今天学习了用Beautifulsoup函数来获取指定的节点,以及用当前结点顺藤摸瓜找到其子节点,后代节点,兄弟节点,父节点。
练习1 findAll 函数抽取只包含在 标签里的文字
还顺便把class=’red’标签里的内容也提取了
# from urllib.request import urlopen
# from bs4 import BeautifulSoup
# r = urlopen('http://www.pythonscraping.com/pages/warandpeace.html')
# bsObj = BeautifulSoup(r)
# persons = bsObj.findAll('span',{'class':'green'})

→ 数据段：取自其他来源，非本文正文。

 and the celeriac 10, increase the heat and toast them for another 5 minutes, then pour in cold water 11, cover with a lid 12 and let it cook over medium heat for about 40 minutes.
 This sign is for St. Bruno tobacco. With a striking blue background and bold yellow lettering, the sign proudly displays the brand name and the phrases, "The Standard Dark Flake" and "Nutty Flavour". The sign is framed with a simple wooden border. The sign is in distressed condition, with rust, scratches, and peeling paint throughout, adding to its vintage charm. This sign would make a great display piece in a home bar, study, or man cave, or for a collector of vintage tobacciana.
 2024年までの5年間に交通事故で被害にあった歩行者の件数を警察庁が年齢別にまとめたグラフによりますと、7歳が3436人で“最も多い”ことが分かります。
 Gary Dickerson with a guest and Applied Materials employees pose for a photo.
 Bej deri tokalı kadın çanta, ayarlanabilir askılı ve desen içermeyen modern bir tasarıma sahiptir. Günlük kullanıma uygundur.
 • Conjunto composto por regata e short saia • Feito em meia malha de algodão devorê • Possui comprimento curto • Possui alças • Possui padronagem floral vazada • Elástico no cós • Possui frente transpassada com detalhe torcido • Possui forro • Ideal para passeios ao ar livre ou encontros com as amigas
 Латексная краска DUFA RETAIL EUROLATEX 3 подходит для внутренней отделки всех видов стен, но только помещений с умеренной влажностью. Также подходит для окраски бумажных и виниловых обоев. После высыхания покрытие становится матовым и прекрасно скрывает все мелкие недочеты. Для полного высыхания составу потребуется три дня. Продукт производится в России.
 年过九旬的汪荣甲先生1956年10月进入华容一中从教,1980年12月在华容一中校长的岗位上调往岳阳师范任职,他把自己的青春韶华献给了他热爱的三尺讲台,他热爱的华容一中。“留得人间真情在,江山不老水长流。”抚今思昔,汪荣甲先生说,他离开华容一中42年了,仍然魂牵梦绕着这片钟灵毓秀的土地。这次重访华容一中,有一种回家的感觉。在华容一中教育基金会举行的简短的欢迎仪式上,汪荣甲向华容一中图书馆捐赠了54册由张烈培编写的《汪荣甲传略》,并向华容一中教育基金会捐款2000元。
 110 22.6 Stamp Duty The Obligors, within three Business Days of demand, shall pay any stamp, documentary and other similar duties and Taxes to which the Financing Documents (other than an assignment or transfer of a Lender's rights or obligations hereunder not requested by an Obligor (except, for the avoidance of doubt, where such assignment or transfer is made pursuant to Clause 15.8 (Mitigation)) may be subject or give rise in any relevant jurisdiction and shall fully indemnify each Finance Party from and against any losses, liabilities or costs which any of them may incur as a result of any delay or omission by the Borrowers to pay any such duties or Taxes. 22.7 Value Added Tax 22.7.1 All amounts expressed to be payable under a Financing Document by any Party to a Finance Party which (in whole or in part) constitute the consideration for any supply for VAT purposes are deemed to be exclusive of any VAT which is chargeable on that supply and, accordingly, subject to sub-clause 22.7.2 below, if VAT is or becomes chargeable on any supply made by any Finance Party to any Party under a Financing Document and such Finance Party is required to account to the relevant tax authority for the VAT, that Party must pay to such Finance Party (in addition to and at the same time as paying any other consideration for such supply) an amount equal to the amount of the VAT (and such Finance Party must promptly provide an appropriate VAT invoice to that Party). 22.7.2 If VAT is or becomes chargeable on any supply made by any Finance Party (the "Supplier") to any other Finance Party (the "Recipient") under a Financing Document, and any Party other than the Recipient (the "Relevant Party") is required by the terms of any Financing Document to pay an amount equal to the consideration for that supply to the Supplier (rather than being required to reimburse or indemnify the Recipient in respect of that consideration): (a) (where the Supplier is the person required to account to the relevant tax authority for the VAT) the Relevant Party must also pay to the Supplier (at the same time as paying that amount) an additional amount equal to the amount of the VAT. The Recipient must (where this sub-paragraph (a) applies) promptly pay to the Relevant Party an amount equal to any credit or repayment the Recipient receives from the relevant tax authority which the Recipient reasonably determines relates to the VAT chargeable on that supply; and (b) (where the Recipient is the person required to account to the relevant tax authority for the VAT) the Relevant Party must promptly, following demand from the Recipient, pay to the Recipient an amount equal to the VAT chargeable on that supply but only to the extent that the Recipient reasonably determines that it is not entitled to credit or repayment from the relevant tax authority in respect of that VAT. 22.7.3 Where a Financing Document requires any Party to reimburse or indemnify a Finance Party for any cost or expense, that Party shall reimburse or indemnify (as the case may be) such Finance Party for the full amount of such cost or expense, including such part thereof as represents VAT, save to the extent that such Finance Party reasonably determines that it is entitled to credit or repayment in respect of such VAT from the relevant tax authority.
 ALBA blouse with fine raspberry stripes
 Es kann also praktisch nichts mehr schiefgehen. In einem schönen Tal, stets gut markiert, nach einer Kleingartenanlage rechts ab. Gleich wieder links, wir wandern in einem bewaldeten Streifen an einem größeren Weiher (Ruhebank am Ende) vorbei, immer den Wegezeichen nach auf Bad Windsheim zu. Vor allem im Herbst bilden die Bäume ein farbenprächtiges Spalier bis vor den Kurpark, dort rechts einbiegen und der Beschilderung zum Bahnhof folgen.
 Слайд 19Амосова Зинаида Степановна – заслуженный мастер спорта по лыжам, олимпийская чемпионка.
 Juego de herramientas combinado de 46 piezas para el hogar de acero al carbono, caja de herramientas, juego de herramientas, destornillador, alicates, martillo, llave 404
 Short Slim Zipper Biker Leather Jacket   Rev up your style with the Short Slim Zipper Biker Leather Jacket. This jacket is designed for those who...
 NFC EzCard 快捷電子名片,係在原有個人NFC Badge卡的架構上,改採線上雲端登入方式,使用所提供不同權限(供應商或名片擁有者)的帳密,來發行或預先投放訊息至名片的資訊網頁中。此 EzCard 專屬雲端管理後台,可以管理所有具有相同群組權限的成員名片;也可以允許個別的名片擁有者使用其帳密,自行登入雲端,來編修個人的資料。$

# conversasions = bsObj.findAll('span',{'class':'red'})
# for name in persons:
# print(name.get_text())
# print('\n')
# for talks in conversasions:
# print(talks.get_text())
练习2 查找内容匹配的html元素
查找html元素在昨天已经练习过了就是find/findall函数。
利用这两个函数的tag参数与tagAtrribute参数可以让我们检索大多数标签,此外我们还可以通过text参数(下面的例子正是如此)匹配内容包含制定字符串的标签
# from urllib.request import urlopen
# from bs4 import BeautifulSoup
# r = urlopen('http://www.pythonscraping.com/pages/warandpeace.html')
# bsObj = BeautifulSoup(r)
# test = bsObj.findAll(text = 'the prince')
# print(len(test))
练习3 子标签和后代标签 注意他们的区别
子标签就是一个父标签的下一级,而后代标签是指一个父标签 下面所有级别的标签。所有的子标签都是后代标 签,但不是所有的后代标签都是子标签。
# from urllib.request import urlopen
# from bs4 import BeautifulSoup
# r = urlopen('http://www.pythonscraping.com/pages/page3.html')
# bsObj = BeautifulSoup(r)
# for child in bsObj.find('table',{'id':'giftList'}).children:
# print(child)
# print('\n')
# for descendant in bsObj.find('table',{'id':'giftList'}).descendants:
# print(descendant)
练习4 用next_siblings获取兄弟节点
# from urllib.request import urlopen
# from bs4 import BeautifulSoup
# r = urlopen('http://www.pythonscraping.com/pages/page3.html')
# bsObj = BeautifulSoup(r)
# for sibling in bsObj.find('table',{'id':'giftList'}).tr.next_siblings:
# print(sibling)
练习5 用parent/parents操作父节点
# from urllib.request import urlopen
# from bs4 import BeautifulSoup
# r = urlopen('http://www.pythonscraping.com/pages/page3.html')
# bsObj = BeautifulSoup(r)
# money = bsObj.find('img',{'src':'../img/gifts/img1.jpg'}).parent.previous_sibling
# print(money.get_text())